Working data:
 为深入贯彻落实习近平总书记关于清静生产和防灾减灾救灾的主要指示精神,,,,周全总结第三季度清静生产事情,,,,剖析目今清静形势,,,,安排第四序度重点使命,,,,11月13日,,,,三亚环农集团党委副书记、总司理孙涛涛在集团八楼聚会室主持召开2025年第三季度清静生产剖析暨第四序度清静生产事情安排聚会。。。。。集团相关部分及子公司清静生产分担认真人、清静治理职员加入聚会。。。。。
...
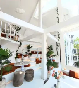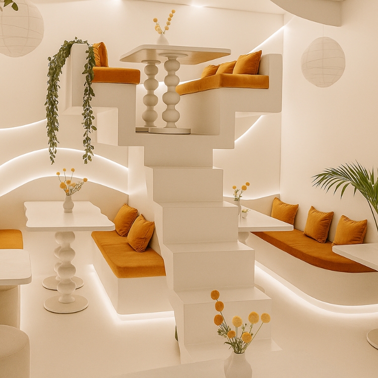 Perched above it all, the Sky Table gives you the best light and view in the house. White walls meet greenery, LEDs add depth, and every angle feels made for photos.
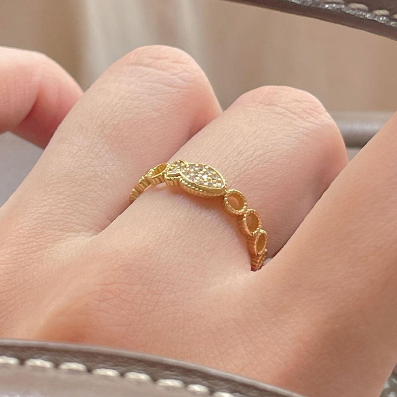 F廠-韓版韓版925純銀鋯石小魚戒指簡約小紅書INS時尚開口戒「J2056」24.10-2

Task:
In the listing above, find the line containing "Perched above it". Output it and every line after it up to and including the line containing "F廠-韓版韓版925純銀鋯石", exactly, but skip the pictures.

Completed task:
 Perched above it all, the Sky Table gives you the best light and view in the house. White walls meet greenery, LEDs add depth, and every angle feels made for photos.
 F廠-韓版韓版925純銀鋯石小魚戒指簡約小紅書INS時尚開口戒「J2056」24.10-2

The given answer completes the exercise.